IMPORTANT — When using Runway Gen-4 References on Scenario, you may need to reference your input images as "image_1", "image_2", and "image_3" (depending on how many input images you’re using). This helps the AI models clearly understand which inputs and elements you want them to take into account. More information below
1. Overview
Gen-4 References enables you to use one or more images to generate new visuals that incorporate styles, characters, objects, or traits from those reference images. You can isolate a character from an image and place them in a different environment, modify elements of a character or scene, merge visual styles between multiple images, or synthesize components from various sources into a single cohesive output.
This tool is especially powerful when it comes to maintaining character consistency across different lighting scenarios, locations, and treatments — even when working from a single reference image.
In this article, you'll find guidance on optimal image inputs, effective prompting techniques, recommended workflows, and the types of results you can expect from using Gen4 References.

2. Strengths
Runway Gen-4 is particularly strong at generating consistent sequential images, especially when it comes to recurring characters or elements. While it's versatile across different visual styles, its standout capability is delivering realistic imagery.
The model supports up to three reference images and accommodates various resolutions, with a maximum of 720×720 pixels for 1:1 and 1280×720 pixels for 16:9 formats.

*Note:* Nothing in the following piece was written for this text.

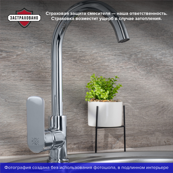 Однорычажный смеситель для кухни с высоким поворотным изливом подойдет как для большой так и для негабаритной кухонной мойки, а современный и лаконичный дизайн дополнит интерьер.
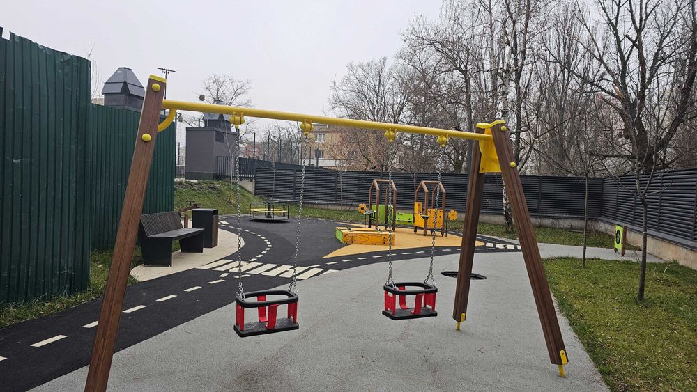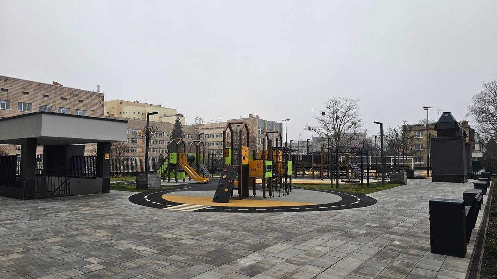 Закрита територія комплексу. Ландшафтний дизайн. Сучасна дитяча площадка, лавочки.

3. Referencing Images with "image_1"
, "image_2"
, and Beyond
Using consistent image labels such as "image_1"
, "image_2"
, and "image_3"
in your prompts allows Runway Gen-4 to clearly understand which inputs should influence the output—and how. This approach is essential when combining elements across different references or when compositional control is important. Labeling images explicitly improves output quality, removes ambiguity, and enables finer creative direction across multiple stages of image generation.
Take the following sofa composition as an example.
Prompt: generate a realistic image of image_1 and add the objects in image_2 and image_3. Add a table and patterned rug

In this case, "image_1"
provided the base environment (an empty living room), while "image_2"
and "image_3"
contributed distinct furniture pieces. The resulting scene was composed realistically and coherently—thanks to the proper use of labeled image inputs.
This method gives users the ability to modularize scenes, reuse assets, and guide composition—all while maintaining clarity for the AI. Whether you're blending styles, inserting characters, or building sets, this labeling structure is foundational to successful multi-image prompting:

4. Use Cases & Examples
Below are some examples & use cases that demonstrate the versatility of Gen-4 References. They highlights a different way to apply reference images for creative control and precision. Because Gen-4 is still new, many creative possibilities remain unexplored. Don’t hesitate to experiment and go beyond the examples provided here.
a. Character Consistency Across Scenes
Gen-4 References is particularly effective for creating a consistent visual narrative around a single character. For example, a “futuristic protagonist can appear across multiple sci-fi environments”: sitting on the edge of a glowing city, repairing high-tech machinery, interacting with robots, riding a neon-lit motorcycle, and boarding a spaceship…. Across each frame, the model keeps important details such as the character’s design, color scheme, and proportions, ensuring visual coherence from scene to scene.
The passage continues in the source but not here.